--- EXERCISE DATA ---
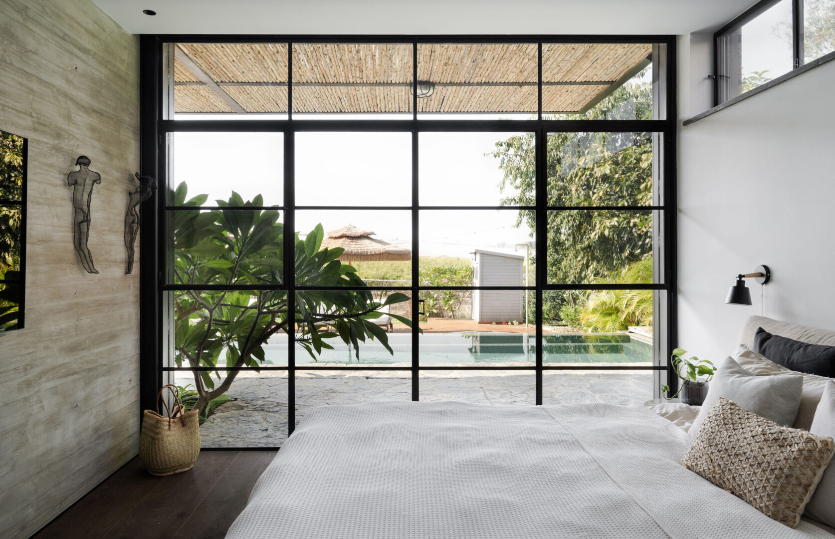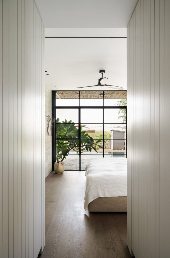 סוויטת ההורים מוקמה בקשר ישיר לנוף ולבריכה, ונהנית מיציאה ישירה החוצה. זוהי סוויטה רחבת ידיים, כמעט מלונאית, עם מבואת כניסה המורכבת מארונות משני הצדדים. הקיר החשוף בחדר השינה הוא גבו של קיר המטבח – חיבור חומרי שמדגיש את הרצף והחשיבה הכוללת.
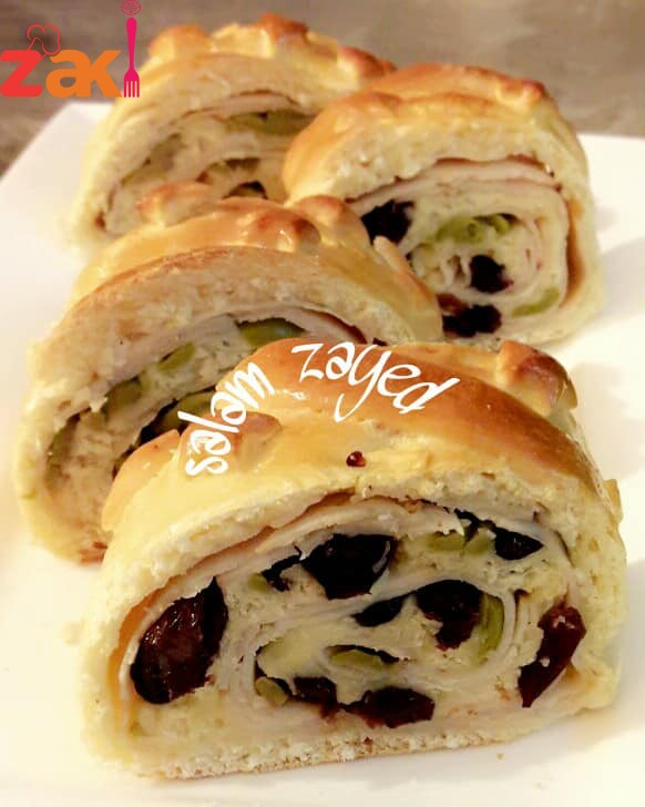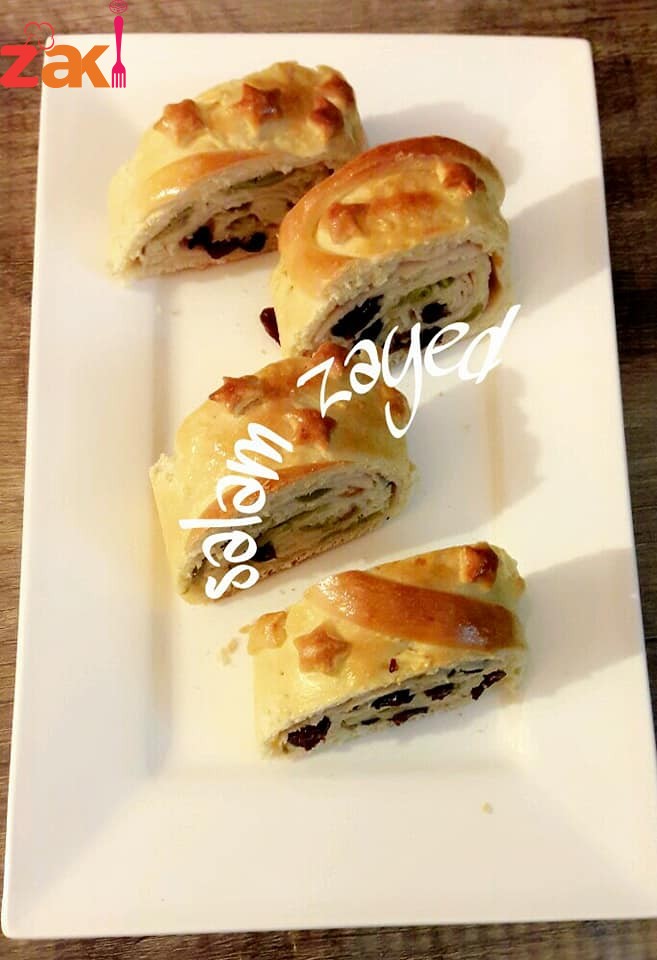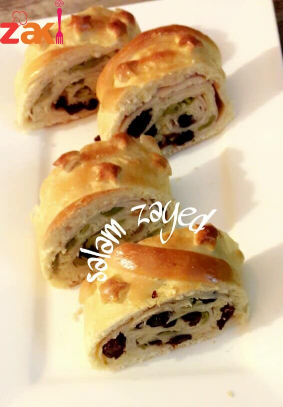 زيتون اخضر مقطع.. زبيب اسود.. لانشون ديك رومي مدخن رفيعة..
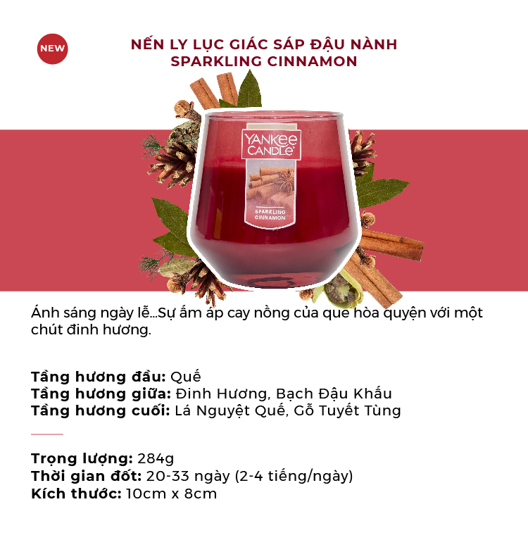 Cinnamon Spice ( Quế ) với sự ấm áp và lãng mạn như chính vị quế. Nến quế mang mùi hương mộc mạc, thuần khiết của cây quế sẽ đưa bạn đến khu rừng thiên
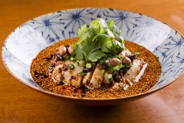 お次は、江南料理を中心とした伝統名菜をスタイリッシュに提供する【JASMINE憶江南】より、よだれ鶏をご紹介。『JASMINE名物“よだれ鶏”蒸し鶏の特製香ラー油』は、湯を沸騰させずに煮込むことで、総州古白鶏の豊かな弾力を引き出しています。香辛料を複雑にブレンドした特製香ラー油と黒酢の、ほど良い刺激と深い香りが楽しめます。
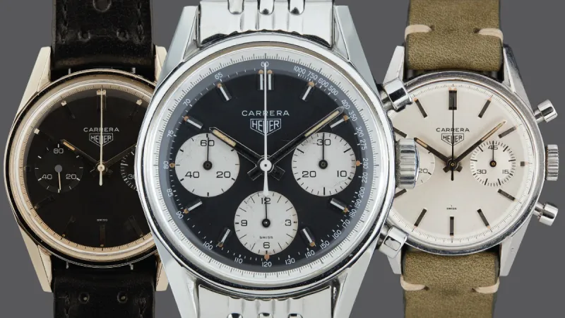 Jack Heuer, great-grandson of company founder Edouard Heuer, made perhaps his greatest contribution to the family business with the Carrera chronograph. Introduced in 1963, this simple, hand-wound tool watch—named, much like Porsche’s famous engine, for the notoriously dangerous Carrera Panamericana race in Mexico—featured a 36 mm case, a smooth bezel, a rehaut featuring a 1/5th-second scale, luminous sword hands, a mechanical movement from Valjoux, and a triple-register or dual-register chronograph layout. Available in silver, black, and “panda" and “reverse panda" designs, it was quickly adopted by numerous Formula 1 and other drivers in the mid-20th century. In the late 1960s, Heuer began powering automatic versions with its automatic Calibre 11 movement and its derivatives.

--- WHAT IS EXPECTED ---
Where a picture appears in the data, omit it; restate the rest word for word.

--- WRITTEN SOLUTION ---
 סוויטת ההורים מוקמה בקשר ישיר לנוף ולבריכה, ונהנית מיציאה ישירה החוצה. זוהי סוויטה רחבת ידיים, כמעט מלונאית, עם מבואת כניסה המורכבת מארונות משני הצדדים. הקיר החשוף בחדר השינה הוא גבו של קיר המטבח – חיבור חומרי שמדגיש את הרצף והחשיבה הכוללת.
 زيتون اخضر مقطع.. زبيب اسود.. لانشون ديك رومي مدخن رفيعة..
 Cinnamon Spice ( Quế ) với sự ấm áp và lãng mạn như chính vị quế. Nến quế mang mùi hương mộc mạc, thuần khiết của cây quế sẽ đưa bạn đến khu rừng thiên
 お次は、江南料理を中心とした伝統名菜をスタイリッシュに提供する【JASMINE憶江南】より、よだれ鶏をご紹介。『JASMINE名物“よだれ鶏”蒸し鶏の特製香ラー油』は、湯を沸騰させずに煮込むことで、総州古白鶏の豊かな弾力を引き出しています。香辛料を複雑にブレンドした特製香ラー油と黒酢の、ほど良い刺激と深い香りが楽しめます。
 Jack Heuer, great-grandson of company founder Edouard Heuer, made perhaps his greatest contribution to the family business with the Carrera chronograph. Introduced in 1963, this simple, hand-wound tool watch—named, much like Porsche’s famous engine, for the notoriously dangerous Carrera Panamericana race in Mexico—featured a 36 mm case, a smooth bezel, a rehaut featuring a 1/5th-second scale, luminous sword hands, a mechanical movement from Valjoux, and a triple-register or dual-register chronograph layout. Available in silver, black, and “panda" and “reverse panda" designs, it was quickly adopted by numerous Formula 1 and other drivers in the mid-20th century. In the late 1960s, Heuer began powering automatic versions with its automatic Calibre 11 movement and its derivatives.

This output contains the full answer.